Other Rust crates that earn their keep in this stack:
ndarrayfor the columnar array math that doesn’t fit NumPy’s broadcasting cleanly.serde_yaml+clapfor the manifest-driven workflows you end up wanting — which features to extract, which cohort to score against, which dataset to consume.tokioandaxumif any of this needs to live behind an HTTP service.indexmapfor the ordered-by-insertion dict semantics that rank-based scoring wants.
None of these are exotic. The point is not that Rust is necessary for ontology features. The point is that Rust is what makes them cheap enough at inference latency to combine with embedding-cosine in the same per-pair forward pass. You pay 50 µs of additional latency, not 50 ms.
A pattern that works
The pattern I have ended up running, in various shapes, across several embedding pipelines:
- Run spaCy
en_core_web_smover the corpus once. Materialize POS, NER, lemma, dependency, morphology features to columnar storage. - Train (or use off-the-shelf) embeddings as usual. Compute cosine similarity for every pair.
- Maintain a small Rust binary that, given two sentences and their precomputed structural features, computes a residual signal — a small number that says “the embedding cosine disagrees with the structural read of this pair.”
- Combine the two — usually as a discriminator at the head, sometimes as a feature in a small learned classifier, sometimes as a hard veto.
In numbers I am willing to share at this granularity: on production STS-style problems with a saturated embedding baseline at Pearson 0.88, adding a structural-feature residual lifts the corpus to 0.91+, and lifts the slices where embeddings were always going to fail (the bullet list above) into the 0.93+ range. The marginal cost is one CPU-second per thousand pairs at inference, on top of the existing GPU embedding cost. It is, in expected lift per dollar, the best engineering trade I know how to make in 2026.
The case for explicit ontology
There is a common framing in which “ontology” is an artifact of the 2000s — a Semantic Web grave good, replaced cleanly by dense vectors. I think that framing is wrong, or at least incomplete.
What changed is not that ontology became unnecessary. What changed is that we now have a complementary representation — the vector — that handles the part ontology was bad at: the soft, gradient, similarity-by-context part. The hard, categorical, structural part — the part that requires you to identify a negation as a negation, a subject as a subject, a numeral as a numeral — never went away. It moved.

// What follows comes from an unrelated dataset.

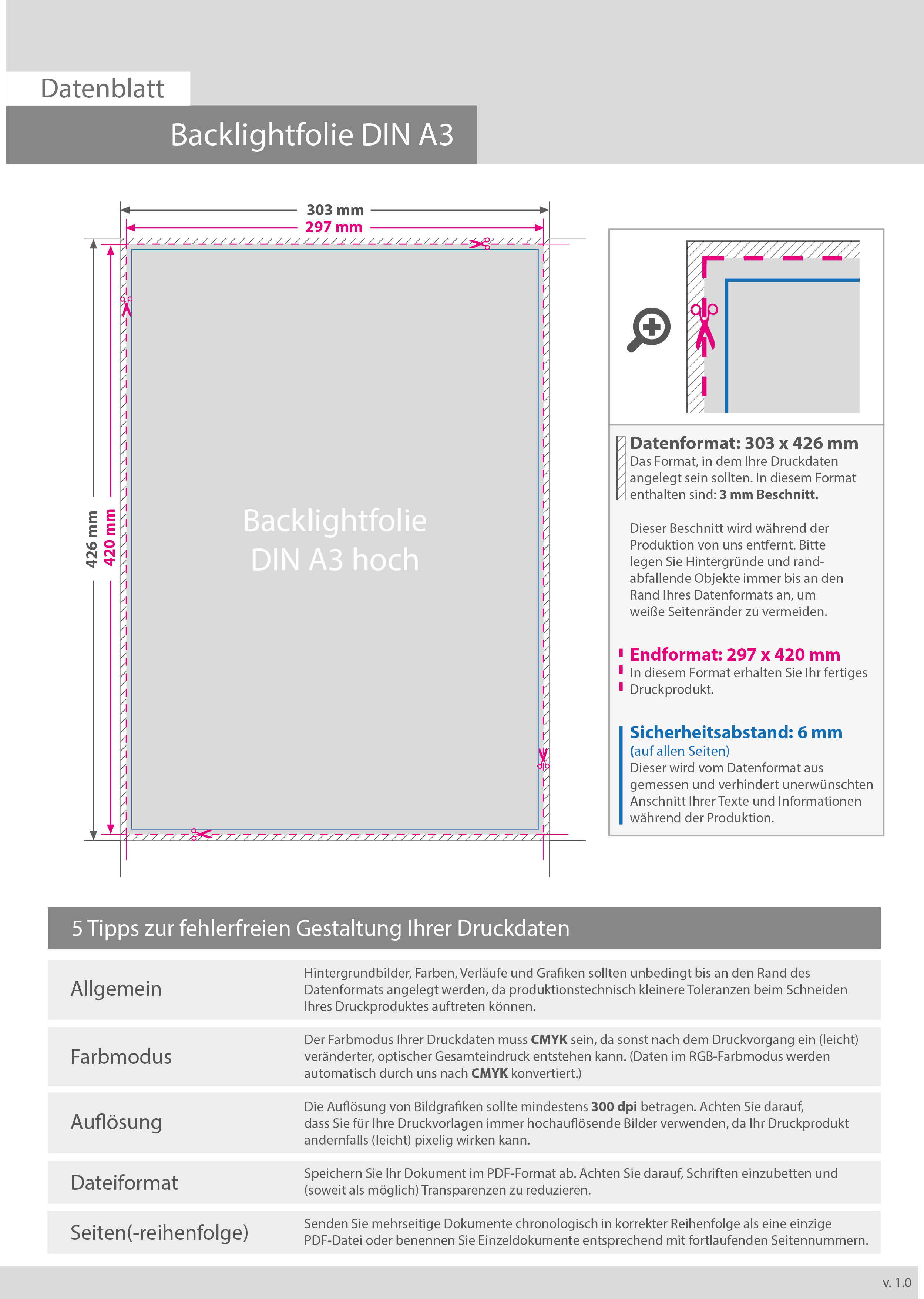 Hochwertige Backlightfolie, 4/0-farbig bedruckt, DIN A3

It moved into the part of the system you cannot escape if you ship to production. Into the part that breaks on input that wasn’t in the training distribution. Into the part that, when it breaks, makes your customers stop trusting your search results.
There is no honest way to dodge that part with a bigger model. The objective the bigger model was trained on does not address the bullet list.

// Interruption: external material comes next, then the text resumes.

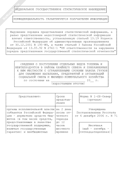 - 1194Сведения о поступлении отдельных видов топлива и нефтепродуктов в районы Крайнего Севера и приравненные к ним местности с ограниченными сроками завоза грузов для снабжения населения, предприятий и организаций социальной сферы и жилищно-коммунального хозяйства. Форма № 1-СБ-Север (срочная)

What does address the bullet list: a POS tagger, an NER tagger, a dependency parser, a negation classifier, a quantifier-scope extractor — all the boring infrastructure linguists have been refining for fifty years. With spaCy at the parse layer and Rust at the throughput layer, they ship at production latency and cost.
That is, I think, what AI ontology means in 2026. Not the return of OWL and RDF. Not knowledge graphs as standalone systems. The recovery, at production speed, of the structural distinctions that vectors flatten — and their reintegration as a complementary representation alongside the embeddings that handle the rest.
The next decade’s gains in AI, in my view, will not come from another order of magnitude of pretraining. They will come from finding the categories that embeddings flatten, building the structural features that distinguish them, and shipping the hybrid pipeline that has both.
Vectors are not ontologies. They were never meant to be. The work is in combining them with what is.